How many times God would have been completely justified in zapping me and you from the face of the earth for some of the things we have done against his law. And yet, in his kindness and love, he has forgiven us and given us another chance to get our heads screwed on right. Lord, thank you so much for your love and your mercy. Help me to do better this time around.
Friday of the Fourth Week of Lent, March 7, 2008 (John 7: 1-2, 10, 25-30)
In the Gospel selected to be read for today’s Liturgy, the question of who Jesus really is surfaces again. I am at the point in my life now at age 77 where I am comfortable with following Christ, with a firm belief that he is really the way, the truth and the life. Experience undoubtedly has a lot to do with this. I have tried it both ways: my way and the Lord’s way. As I have said so many times, the twenty or so years I did things my way, when it was all about me, were not the happiest years of my life, that’s for sure. But they were good years in the sense that they showed me the way to go was Jesus’ way and not my own. I guess this was just something I had to prove to myself. Life with Jesus is infinitely better than life without him. Now, after all of these years, I can say that for certain. And it is good for me to say that to myself often.
Life following Jesus, his ways, his values, has been fruitful and exciting. I have discovered the rewards of making progress in being compassionate, caring, forgiving, prayerful and serving. I am happy, content, at peace with God and myself. And for me, that is good, very good. I wouldn’t have it any other way. Now, when I occasionally decide to give my way another try, it doesn’t take very long to realize I am on the wrong road and make a turn or two and get on the right one again. The experience gained through the years has been good. It has been quite a pilgrimage, but worth it in the long run. Today I am grateful to God even for all the goofs I’ve made because they have led to where things are today. How do you see this in your life?
Saturday of the Fourth Week of Lent, March 8, 2008 (John 7: 40-53)
Today’s Gospel selection is kind of a follow up on what we said yesterday. When I was writing yesterday’s homily, I did not look ahead to see what today’s Gospel was about. I usually do not do this. And it is amazing how so often the thoughts on one Gospel are reinforced by the following one.
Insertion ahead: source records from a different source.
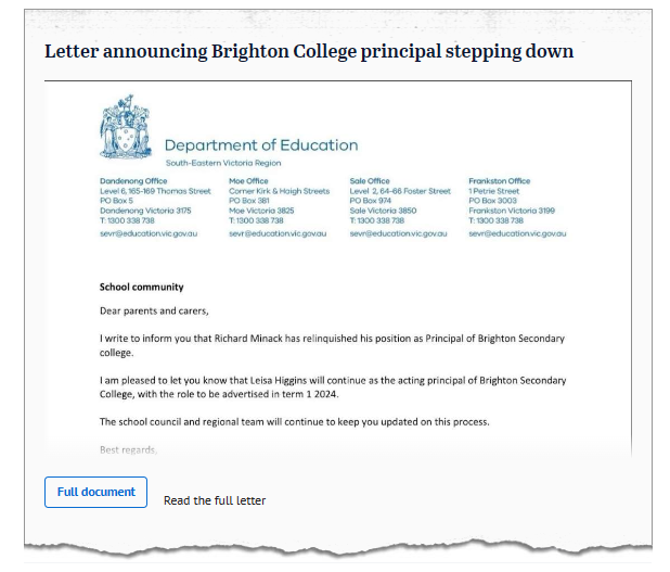 这所学校就是Brighton Secondary College,辞职的校长为 Richard Minack 。教育部区域主任 Ian Burrage 在给学校社区的一封信中,向家长通报称 Richard Minack 将离校,并表示 Leisa Higgins 将继续担任代理校长,学校将在 2024 年第一学期公布校长职位。
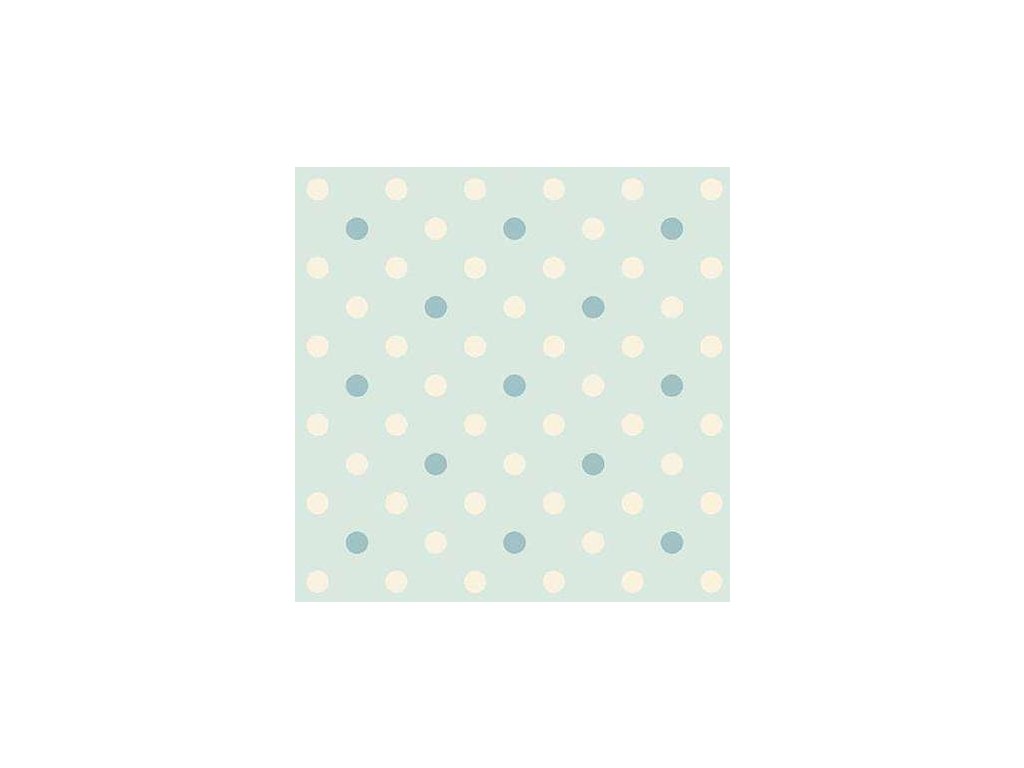 Látka s geometrickým motivem, vzor smetanový a modrý puntík na světle modrém podkladu.
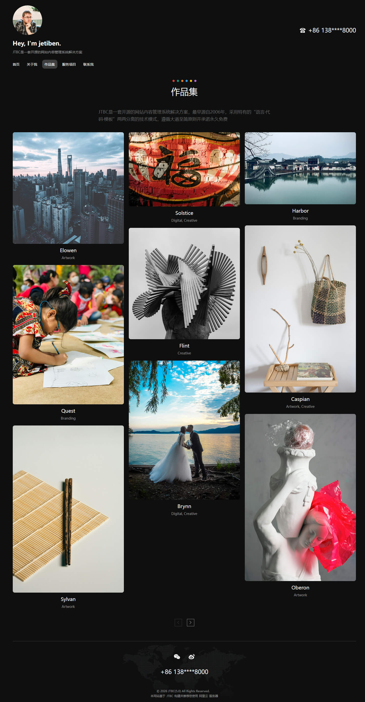 安装本整体应用包之后,将变成一个暗色系个人作品集网站
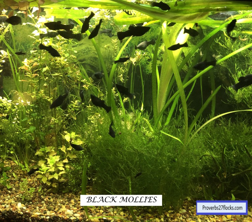 Protecting smaller fish is another distinct advantage of a planted aquarium. Java moss is very hardy and it is a wonderful protection for baby fish. My black molly babies (Poecilia sphenops) find protection in the dense plant. The black molly is also a wonderful algae-eating machine. Mollies and from Mexico and they inhabit freshwater streams and coastal brackish and marine waters. Although I don’t add non-iodized salt to my freshwater aquariums, mollies can benefit from salty water. A brackish water aquarium is an aquarium where the water is semi-salty.
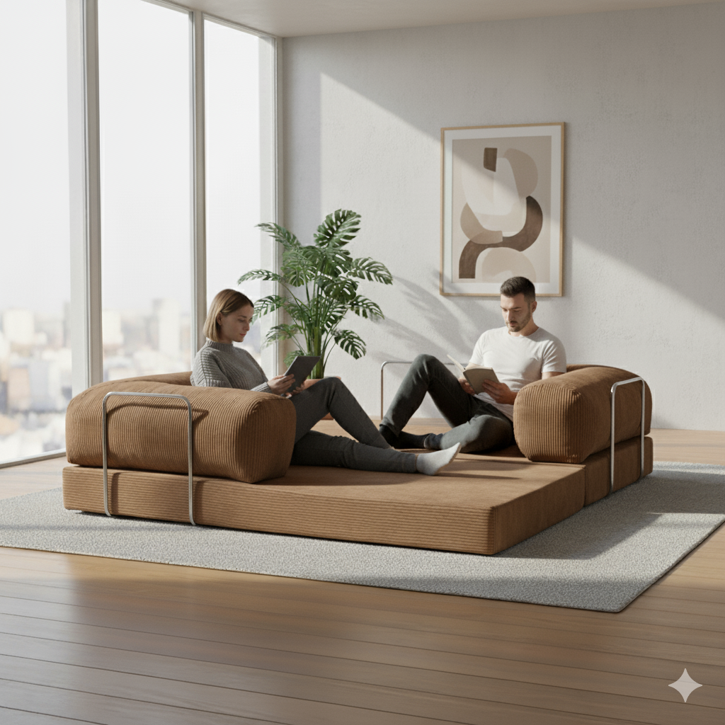 Ideaal voor kleine kamers en appartementen. Dankzij het slimme ontwerp en compacte formaat (100x200 cm) past hij moeiteloos in elke hoek van je huis. Gebruik hem als bed, bank, ligstoel, loungezetel of activiteitenmatras – veelzijdigheid gegarandeerd!
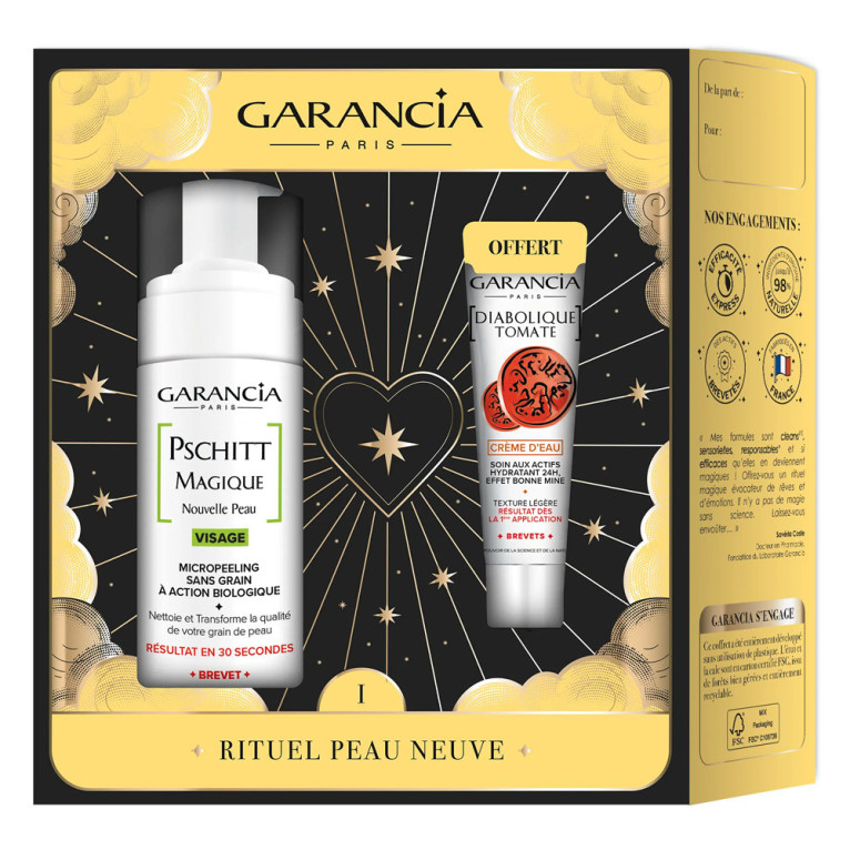 Ce coffret est proposé par la marque Garancia, reconnue pour ses formules innovantes et sensorielles. Le coffret inclut le Pschitt Magique visage 100 ml, une mousse nettoyante et exfoliante délicate qui purifie la peau grâce à son action micro-peeling sans grain, et la Crème d'eau Diabolique Tomate 20 g, une crème hydratante à la texture légère qui contribue à maintenir l'hydratation de la peau. Le Pschitt Magique utilise des actifs comme une enzyme brevetée à action biologique et des extraits botaniques pour son effet micropeeling sans grain qui nettoie en douceur. La Crème d'eau Diabolique Tomate contient des actifs végétaux pour leur pouvoir antioxydant et hydratant.

There are all kinds of people in this world, a real menagerie, and all are at different points and places in their beliefs and ideas about Jesus, who he is and what part he plays in their lives. And I am a part of all this. Perhaps no two of us are on exactly the same page. I know no two of us are alike. We are all unique. I think it is important to realize this. Sometimes, in talking to others and interacting with them, I presume they are on the same page I am on. That is a dangerous presumption and almost never true. This is where patience and acceptance and tolerance come into the picture. I have come to realize I cannot become angry and frustrated because all people are not coming from where I am coming from. We are all different and I must remember that.
Lord, help me to be patient, kind and accepting to those who disagree with my point of view and help them be patient and kind and accepting of me.